Kyungsoo melelehkan air matanya tanpa diseka, sebab ini adalah air mata bahagia. Kyungsoo nyaris pingsan oleh rasa yang meluap. Setelah lagu selesai, orang-orang berteriak encore sehingga Jongin harus membalas dengan membungkuk ramah sampai dua kali. Betapa bangganya Kyungsoo. Ini adalah mimpinya, menyerahkan mimpinya kepada orang yang tepat ternyata bisa sebahagia ini.
Jongin berlari ke hall, menghindari banyak wartawan, dan mendekap Kyungsoo setelahnya. "Bagaimana permainanku?"
"Aku rasa Chopin bangkit dari kubur untuk menyaksikan permainan pianomu." Kyungsoo tidak bisa mengekspresikan lebih baik lagi. "Dammit, Jongin! Marry me, Please!"
"Ya. Kita akan ke Paris setelah ini. Menikah, lalu mengadopsi beberapa anak. Aku dan kau tidak akan terpisahkan. Sebab semua sudah menyetujuinya. Lima tahun terlewati adalah demi hari ini, Soo. Ayah, Kris, Baekhyun, dan seluruh dunia. Aku sudah mengatakan kepada mereka bahwa aku akan menikahimu dalam waktu dekat. Aku akan memainkan Canon di pernikahan kita. Besiaplah, Jagi."
-fin-
.
.
"This is magic," Kai kecil berkata pada lelaki berkacamata di depannya. "You should learn from this music!"
"W-what?" Kyungsoo mengalami ketegangan yang parah. Ini panggung kompetisi pertamanya. Kris, guru piano sekaligus kakaknya mencari-cari dimana gerangan Kyungsoo. Sedangkan Kyungsoo kecil bersembunyi di toilet bersama anak sebayanya yang baru saja ia temui. Kyungsoo menangis karena tidak mau naik keatas panggung, dia ketakutan. Seorang anak kecil, berambut cokelat muda, mata sipit, dan berwajah mirip teddy bear datang menghampirinya. Kyungsoo kecil rasa, lelaki itu peri piano karena lelaki itu mirip dengan teddy bear di kotak musiknya.
"Canon is magic!" Kai bersemangat. "Dia meledak di kepalamu. Seperti Bom." Kai menggambarkan bom dengan tangan yang terbuka. Seminggu yang lalu, Kai kecil mendengarkan Canon untuk pertama kali. Itu langsung menjadi lagu favoritnya, dia menjadi terobsesi lalu menceritakan pendapatnya tentang lagu itu kepada siapapun yang ditemuinya.

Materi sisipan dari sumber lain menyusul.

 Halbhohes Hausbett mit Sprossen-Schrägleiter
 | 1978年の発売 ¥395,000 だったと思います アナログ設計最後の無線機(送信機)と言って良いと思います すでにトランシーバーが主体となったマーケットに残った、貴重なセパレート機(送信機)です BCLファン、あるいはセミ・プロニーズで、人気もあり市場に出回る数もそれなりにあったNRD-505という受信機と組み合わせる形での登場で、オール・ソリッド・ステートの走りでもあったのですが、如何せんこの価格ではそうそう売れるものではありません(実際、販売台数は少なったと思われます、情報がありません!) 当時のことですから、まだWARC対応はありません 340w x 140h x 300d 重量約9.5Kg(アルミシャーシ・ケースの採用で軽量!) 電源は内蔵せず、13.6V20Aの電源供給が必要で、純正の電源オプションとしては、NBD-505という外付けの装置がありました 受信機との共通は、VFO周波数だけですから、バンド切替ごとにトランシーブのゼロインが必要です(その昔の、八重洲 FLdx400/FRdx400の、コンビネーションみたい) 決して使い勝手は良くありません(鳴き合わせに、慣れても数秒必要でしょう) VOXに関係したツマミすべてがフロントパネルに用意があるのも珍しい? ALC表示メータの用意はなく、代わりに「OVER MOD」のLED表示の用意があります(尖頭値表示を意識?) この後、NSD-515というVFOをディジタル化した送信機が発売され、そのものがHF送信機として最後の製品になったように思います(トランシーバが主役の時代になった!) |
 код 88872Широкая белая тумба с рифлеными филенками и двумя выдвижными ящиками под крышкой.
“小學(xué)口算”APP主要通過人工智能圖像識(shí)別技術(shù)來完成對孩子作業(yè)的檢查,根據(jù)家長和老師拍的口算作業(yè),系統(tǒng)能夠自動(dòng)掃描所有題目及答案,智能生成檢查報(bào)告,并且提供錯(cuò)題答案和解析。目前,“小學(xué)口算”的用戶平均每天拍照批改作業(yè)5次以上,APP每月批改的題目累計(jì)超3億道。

"Lagu ini bisa menyerap kesedihan, Teman. Rasakan. Johann Pachelbel really genius. Dia memberi pesan. 'Tidak apa seburuk apa pun duniamu. Tidak apa kau tidak bisa melakukannya. Tidak apa ketika kau gagal. Kau pasti bisa. Bangkit, Teman. Berjuanglah bersama. Sedikit saja harapan yang kau punya, maka akan menjadi besar, melebar, lalu membawamu ke puncak tertinggi hingga keputusasaan itu sirna. Dan menciptakan dirimu yang baru!' "
Kyungsoo mengambil earphone milik Kai. Dia mendengarkan Canon, memejamkan mata lalu mengiyakan.

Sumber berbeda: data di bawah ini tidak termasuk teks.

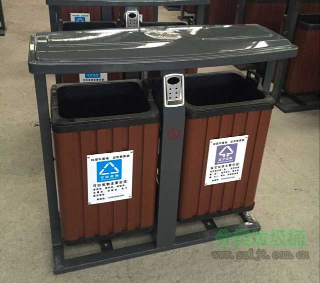 戶外經典熱銷鋼木分類垃圾桶桶身采用優質進口防腐木、進口山樟木或水曲柳制作,可抑制生物、微生物的寄生、繁殖與侵蝕,延長木材在戶外環境中的使用壽命。表面經過除蟲,防蟻,防腐,烘干等專業處理后加工成型,經久耐用,防腐美觀。桶蓋/內膽采用FRP玻璃鋼材料制造,具有防腐、防生銹、易清潔等特點。底座采用玻璃鋼纖維制作,從根本上解決了防腐、防盜、生銹的問題,產品在戶外的使用壽命大大增強。此款垃圾桶無論是從外觀,性能還是環保方面來講都十分優越,尤其適合擺放在花園,公園,小區,學校,街道,游樂園等場所,備受客戶青睞。
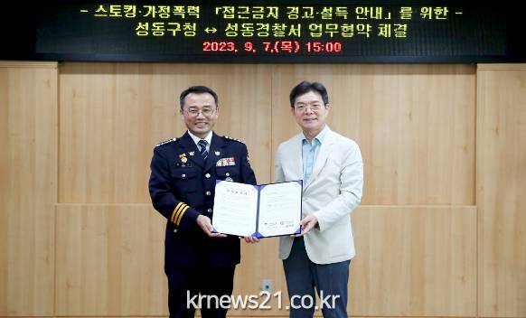 ▲ 사진=성동구서울 성동구(구청장 정원오)는 지난 7일 성동경찰서와 협약을 맺고 스토킹, 가정폭력 등 범죄 피해자를 보호하기 위해 ‘가해자 접근금지 경고‧설득 안내’ 사업을 추진한다.
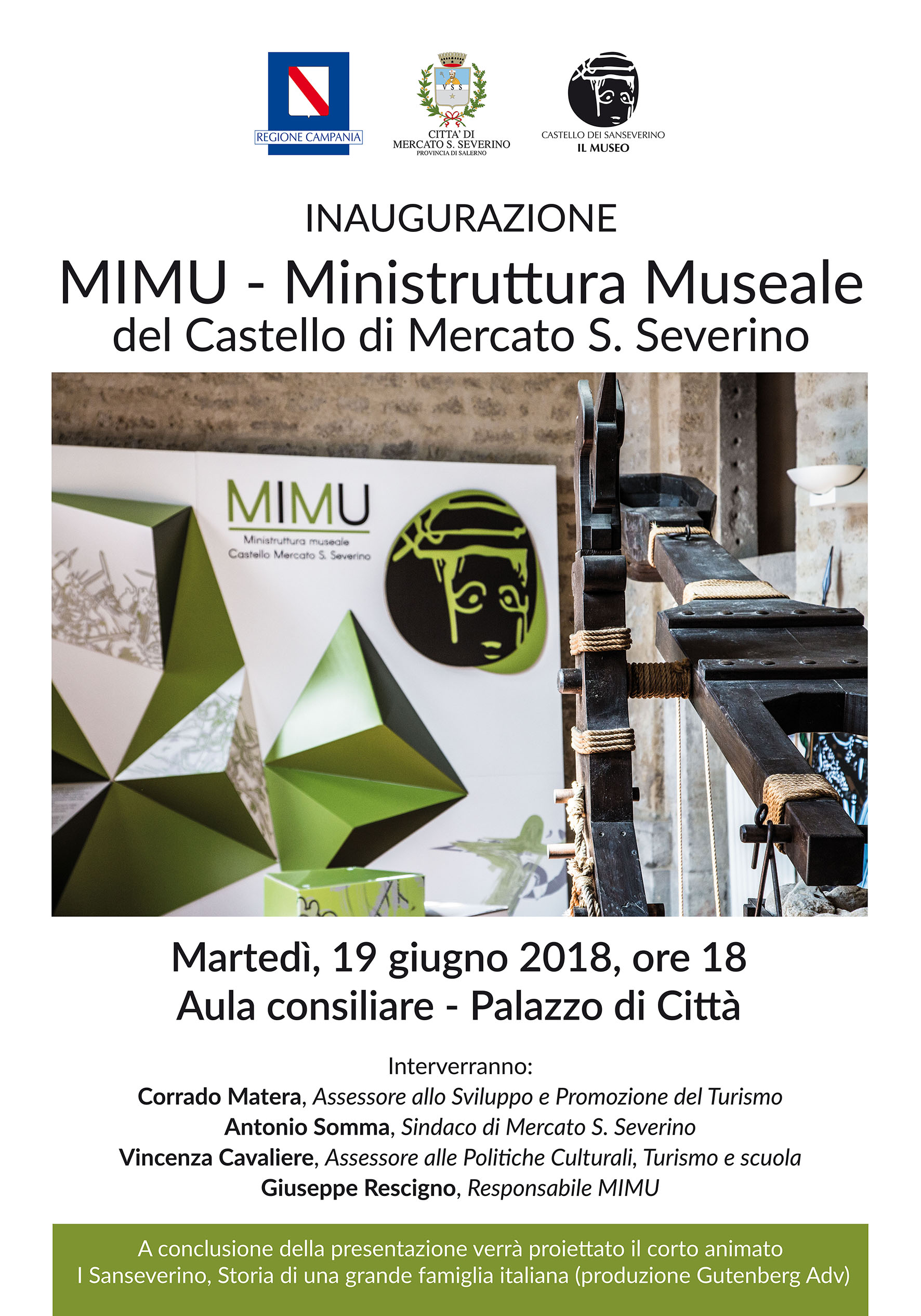 Inaugurazione della Ministruttura Museale (MIMU ) del Castello di Mercato S. Severino che si terrà Martedì 19 giugno 2018 alle ore 18,00 presso il Palazzo di Città – Piazza Ettore Imperio – Mercato S. Severino.

"Benar 'kan? Aku akan memainkan lagu ini di hari pernikahanku nanti!" lelaki kecil dihadapan Kyungsoo itu seperti tercipta dari banyak harapan dan mimpi. Detik itu juga Kyungsoo menyukainya.
"Terimakasih. Aku tidak akan gugup lagi," jawab Kyungsoo. "Terimakasih, Peri."

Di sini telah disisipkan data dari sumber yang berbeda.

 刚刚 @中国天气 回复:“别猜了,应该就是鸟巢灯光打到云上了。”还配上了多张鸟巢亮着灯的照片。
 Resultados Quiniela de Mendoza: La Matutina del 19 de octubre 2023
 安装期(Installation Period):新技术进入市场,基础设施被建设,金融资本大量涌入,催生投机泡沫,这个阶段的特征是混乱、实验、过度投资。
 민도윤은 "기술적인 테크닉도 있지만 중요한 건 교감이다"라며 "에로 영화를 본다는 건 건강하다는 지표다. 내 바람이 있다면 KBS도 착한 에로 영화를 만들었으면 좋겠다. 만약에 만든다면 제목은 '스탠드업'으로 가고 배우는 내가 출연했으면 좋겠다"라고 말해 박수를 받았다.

"Namaku Kai!" balas lelaki itu.
"Baiklah, Kai!"
Tiba-tiba nama Kyungsoo dipanggil untuk gilirannya memainkan piano. "Ah, aku harus pergi!"
Kai kecil melambai. Tersenyum gembira karena dia baru saja menjadi pahlawan bagi orang lain.
"Hey, Soo-ya! Darimana saja kamu? Barusan kau berbicara dengan siapa?" Kris berlari tergopoh-gopoh mengajak Kyungsoo untuk cepat keatas panggung.
"Aku baru saja bertemu jodohku, Hyung! Dia adalah peri piano."